Aerial refueling is a process of transferring fuel from one aircraft (the tanker airplane or the refueling airplane) to another airplane (the receiving airplane) during flight. The procedure allows the receiving aircraft to remain airborne longer, extending its range or loiter time on station.
Refueling airplanes can either be originally manufactured as refueling planes (i.e. the original purpose of the airplane is to serve as a refueling airplane), or alternatively, be converted from an existing airplane originally intended to serve a different purpose, e.g. a passenger airplane.
An example of a refueling airplane that is originally manufactured as a refueling airplane is the military aerial refueling and strategic transport aircraft Boeing KC-767 developed by Boeing from its B767-200 jet airliner.
An example of a refueling airplane converted from a passenger airplane is the B767 Multi-Mission Tanker Transport (MMTT) that was converted by Israel Aerospace Industries from secondhand B767-200ER airplane.
A known parameter related to the take-off and the landing attitudes of airplanes is a tail-strike pitch attitude that is defined as a critical attitude between a longitudinal axis of the airplane and the ground line, at which the tail section of the airplane contacts and strikes the ground.
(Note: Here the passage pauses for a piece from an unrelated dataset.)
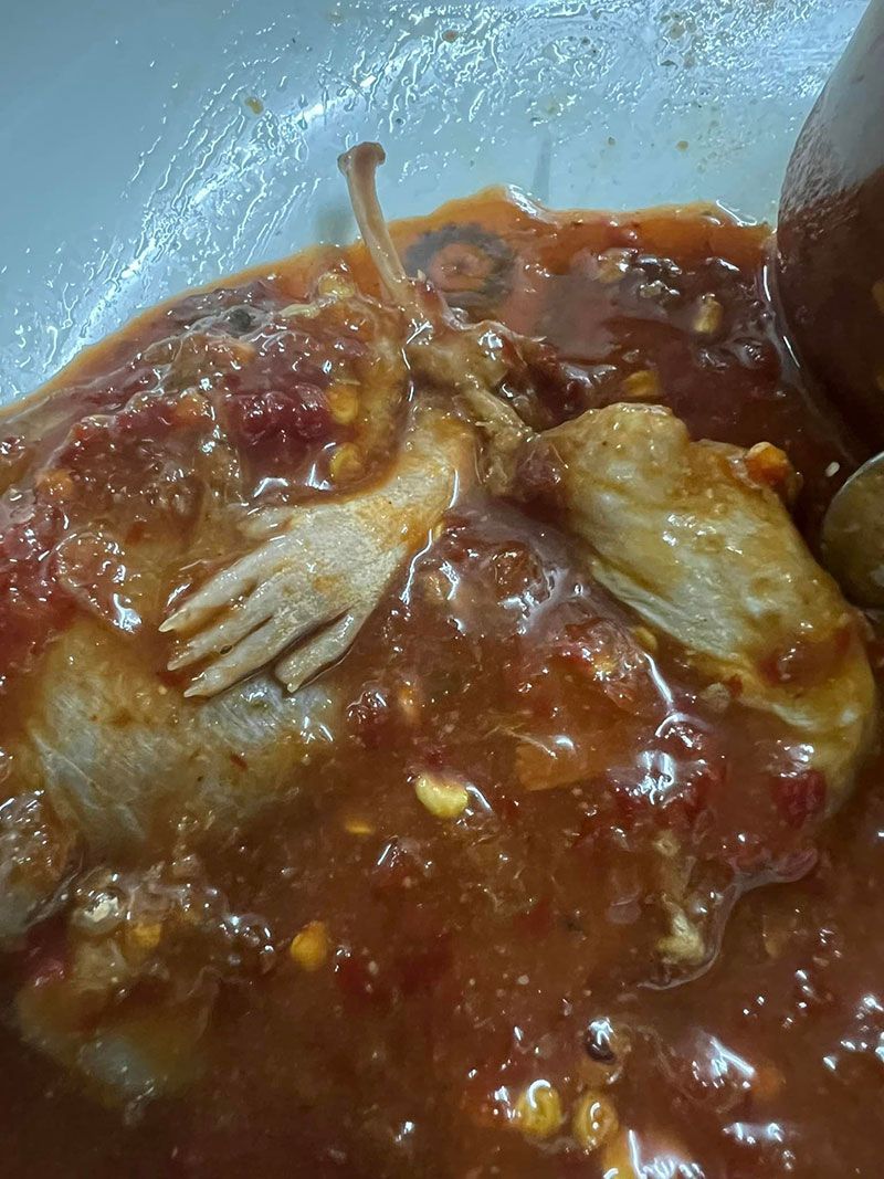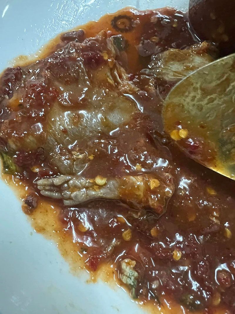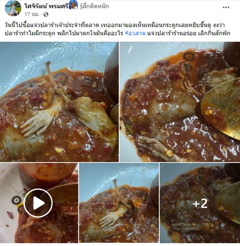 วันที่ 3 เมษายน 2566 ผู้ใช้เฟซบุ๊ก โศจิรัตน์ พรมศรี ได้โพสต์คลิปและรูปภาพแจ่วปลาร้า พร้อมข้อความว่า "วันนี้ไปซื้อแจ่วปลาร้าเจ้าประจำที่ตลาดระเบาะไผ่ เทออกมามองเห็นเหมือนกระดูกเลยหยิบขึ้นดู งงว่าปลาร้าทำไมมีกระดูก พลิกไปมาตกใจมันคืออะไร #อวสาน แจ่วปลาร้าร้านอร่อย เลิกซื้อร้านนี้อีกต่อไป"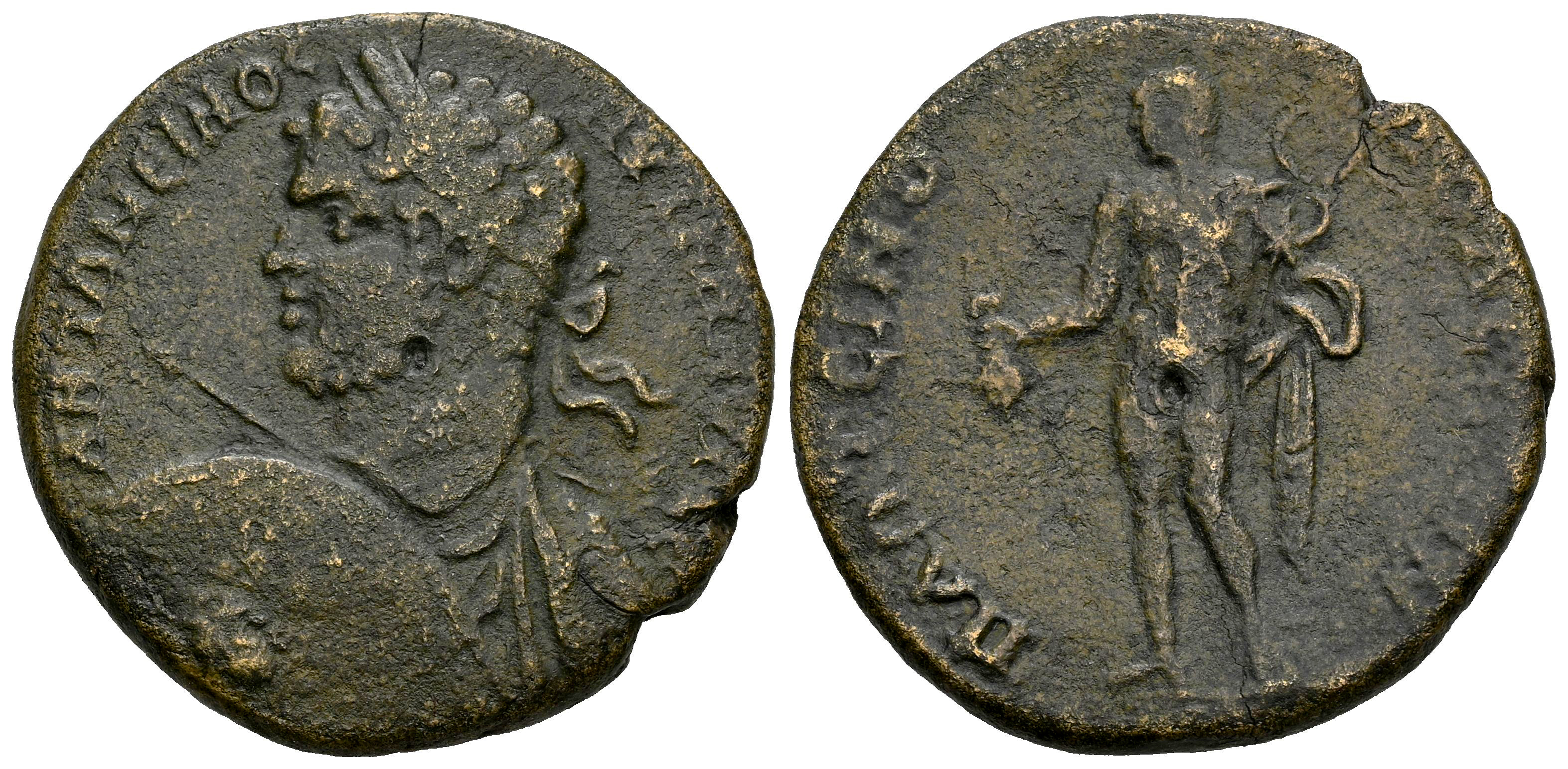 Caracalla. Tracia. AE 27. 211-217 d.C. Plotinopolis. (Varbanov-vgl. 4240, Vs. stgl.). (Tesorillo-Caracalla 44, mismo ejemplar). Anv.: ΑΝΤΩΝЄΙΝΟϹ ΑΥΤ Κ Μ ΑΥΡ ϹЄ. Busto laureado, drapeado y con coraza a la izquierda, sosteniendo una lanza y un escudo decorado. Rev.: ΠΛΩΤЄΙΝΟΠΟΛЄΙΤΩΝ. Hermes desnudo en pie a la izquierda, llevando a Kerykeion y bolsa. Ae. 9,82 g. Rara. Solo un ejemplar en Acsearch. MBC-. Est...100,00.

Such a strike can happen if the attitude of the airplane is equal to or above the tail-strike pitch attitude during take-off or landing of the airplane. Therefore, when operating the airplane during take-off or landing, the pilot has to pay attention that the attitude of the airplane is below the tail-strike pitch attitude, so as to prevent a tail-strike event.
Tail strike is an aviation term that describes an event in which the rear end of an aircraft strikes the runway. This can happen during takeoff of an affixed-wing aircraft if the pilot pulls up too rapidly, leading to the tail of the airplane's body touching the runway. It can also occur during landing if the pilot raises the nose too aggressively.
FIG. 1A illustrates a typical take-off procedure of an airplane, and FIG. 1B illustrates a table including data taken from flight manuals of different airplane models such as: B767-200, B767-300 and B767-400, and their corresponding flight parameters, such as: Liftoff Attitude, Minimum tail clearance and Tail Strike Pitch Attitude (discussed above). The Liftoff Attitude is the preferred attitude of the airplane at which the airplane should take-off, and the Minimal Tail Clearance, which is shown in FIG. 2B, is the minimal distance between the lowermost point of the airplane's tail section and the ground during take-off. A tail clearance below the minimum tail clearance can result in tail-strike.
In order to prevent tail-strikes during take-off of the airplane, the pilot has to follow flight performance and operation procedures related to parameters such as: a pitch rate, a decision speed (V1), rotation speed (VR) and a take-off speed (VLOF). The pitch rate is the rate at which the yoke of the airplane is pulled. The decision speed (V1) is a calibrated airspeed on the ground at which, as a result of engine failure or other reasons, the pilot assumed to have made a decision to continue or discontinue the takeoff. The rotation speed (VR) is the speed at which the aircraft's nosewheel leaves the ground. The take-off speed (VLOF) is the speed of the airplane at which it leaves the ground. By following the flight performance and operation instructions, the values of the Liftoff Attitude, the Minimal Tail Clearance, and Tail Strike Pitch Attitude can be controlled, and a tail-strike can be prevented accordingly.